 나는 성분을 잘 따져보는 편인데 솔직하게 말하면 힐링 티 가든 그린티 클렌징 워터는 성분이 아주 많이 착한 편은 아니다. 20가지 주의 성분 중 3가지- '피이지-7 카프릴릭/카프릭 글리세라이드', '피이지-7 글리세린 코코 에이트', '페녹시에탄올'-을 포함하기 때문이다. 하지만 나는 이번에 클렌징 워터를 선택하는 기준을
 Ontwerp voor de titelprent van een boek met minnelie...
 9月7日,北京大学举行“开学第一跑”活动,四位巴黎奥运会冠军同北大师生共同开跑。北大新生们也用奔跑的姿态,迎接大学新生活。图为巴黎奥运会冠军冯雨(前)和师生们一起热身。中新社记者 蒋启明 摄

* * *

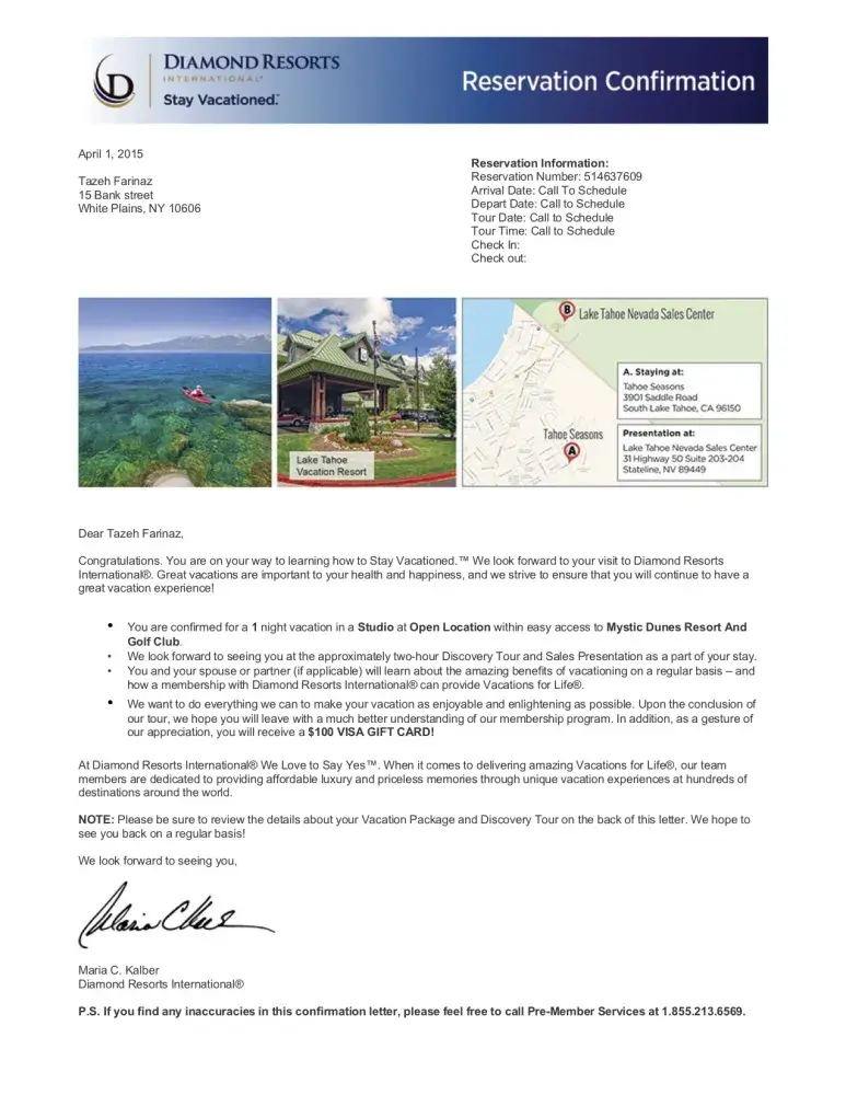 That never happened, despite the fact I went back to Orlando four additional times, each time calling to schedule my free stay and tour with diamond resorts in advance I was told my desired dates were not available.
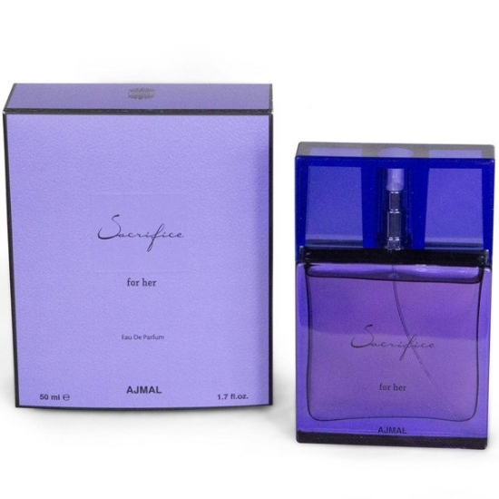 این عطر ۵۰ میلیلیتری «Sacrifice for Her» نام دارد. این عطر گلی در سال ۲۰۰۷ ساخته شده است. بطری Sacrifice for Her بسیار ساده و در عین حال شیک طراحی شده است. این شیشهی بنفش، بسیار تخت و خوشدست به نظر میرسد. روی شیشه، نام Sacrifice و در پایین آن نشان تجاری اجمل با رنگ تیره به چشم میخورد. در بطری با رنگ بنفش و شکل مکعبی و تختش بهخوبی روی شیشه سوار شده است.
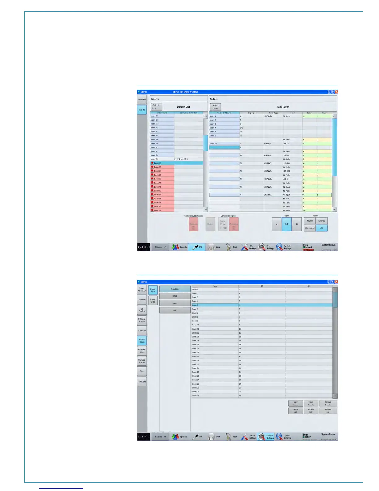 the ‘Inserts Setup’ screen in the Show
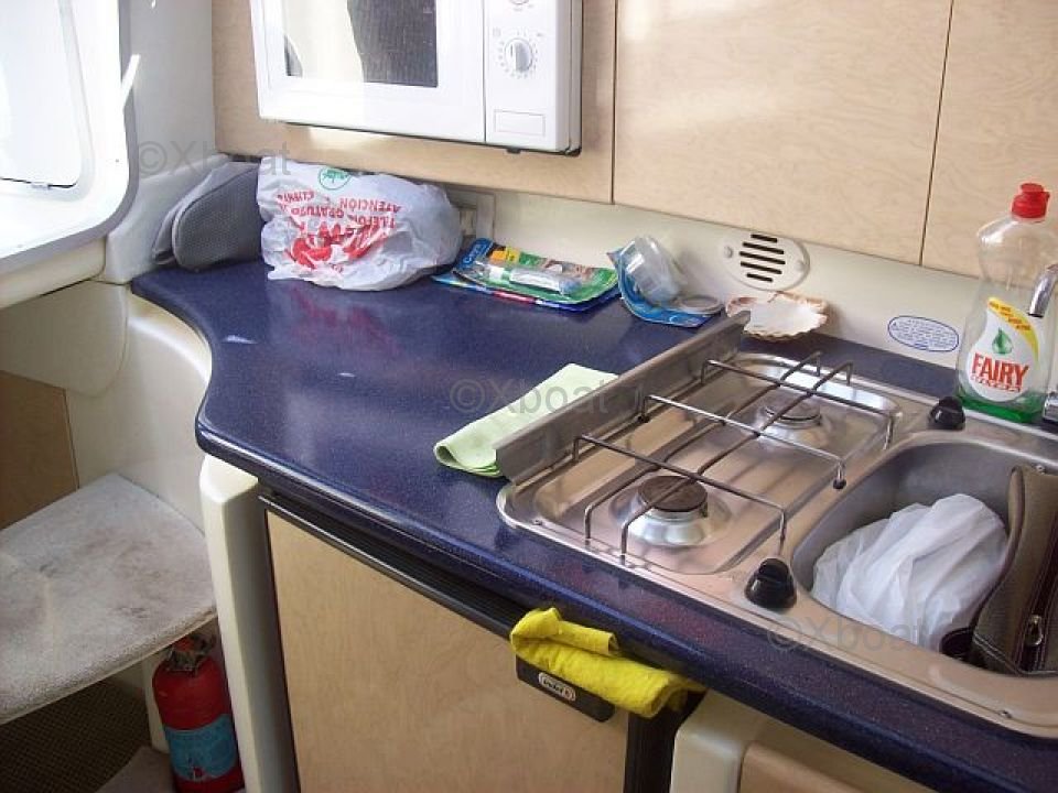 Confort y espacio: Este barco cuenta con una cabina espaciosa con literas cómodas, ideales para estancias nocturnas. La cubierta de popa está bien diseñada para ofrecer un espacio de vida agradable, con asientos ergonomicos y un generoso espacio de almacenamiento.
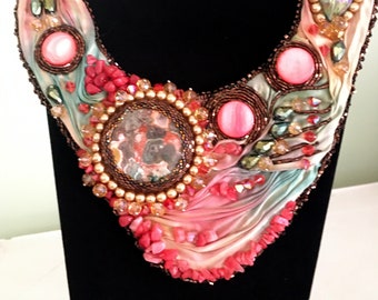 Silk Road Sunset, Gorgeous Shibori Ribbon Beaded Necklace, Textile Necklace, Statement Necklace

==

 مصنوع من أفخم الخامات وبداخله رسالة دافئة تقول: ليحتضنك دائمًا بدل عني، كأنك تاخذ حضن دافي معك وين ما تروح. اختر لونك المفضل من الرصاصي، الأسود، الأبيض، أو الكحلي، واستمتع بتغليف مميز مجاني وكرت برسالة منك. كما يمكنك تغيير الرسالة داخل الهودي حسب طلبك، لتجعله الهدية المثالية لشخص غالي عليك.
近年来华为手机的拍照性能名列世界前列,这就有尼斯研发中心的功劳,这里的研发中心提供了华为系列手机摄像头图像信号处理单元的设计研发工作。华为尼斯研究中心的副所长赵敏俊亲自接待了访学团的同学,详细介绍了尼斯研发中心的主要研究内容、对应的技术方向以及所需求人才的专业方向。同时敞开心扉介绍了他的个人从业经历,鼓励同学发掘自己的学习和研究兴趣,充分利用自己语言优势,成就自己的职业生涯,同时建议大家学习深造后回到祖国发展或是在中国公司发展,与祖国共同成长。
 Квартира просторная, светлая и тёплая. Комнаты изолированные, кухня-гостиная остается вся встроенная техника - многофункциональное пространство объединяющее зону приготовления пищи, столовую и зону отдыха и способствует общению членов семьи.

## ABOUT THIS EXERCISE:
Please return the material above only from the line that holds "That never happened, despite" through the line that holds "Silk Road Sunset, Gorgeous", exactly as it stands, ends included and pictures omitted.

## EXERCISE SOLUTION:
 That never happened, despite the fact I went back to Orlando four additional times, each time calling to schedule my free stay and tour with diamond resorts in advance I was told my desired dates were not available.
 این عطر ۵۰ میلیلیتری «Sacrifice for Her» نام دارد. این عطر گلی در سال ۲۰۰۷ ساخته شده است. بطری Sacrifice for Her بسیار ساده و در عین حال شیک طراحی شده است. این شیشهی بنفش، بسیار تخت و خوشدست به نظر میرسد. روی شیشه، نام Sacrifice و در پایین آن نشان تجاری اجمل با رنگ تیره به چشم میخورد. در بطری با رنگ بنفش و شکل مکعبی و تختش بهخوبی روی شیشه سوار شده است.
 the ‘Inserts Setup’ screen in the Show
 Confort y espacio: Este barco cuenta con una cabina espaciosa con literas cómodas, ideales para estancias nocturnas. La cubierta de popa está bien diseñada para ofrecer un espacio de vida agradable, con asientos ergonomicos y un generoso espacio de almacenamiento.
 Silk Road Sunset, Gorgeous Shibori Ribbon Beaded Necklace, Textile Necklace, Statement Necklace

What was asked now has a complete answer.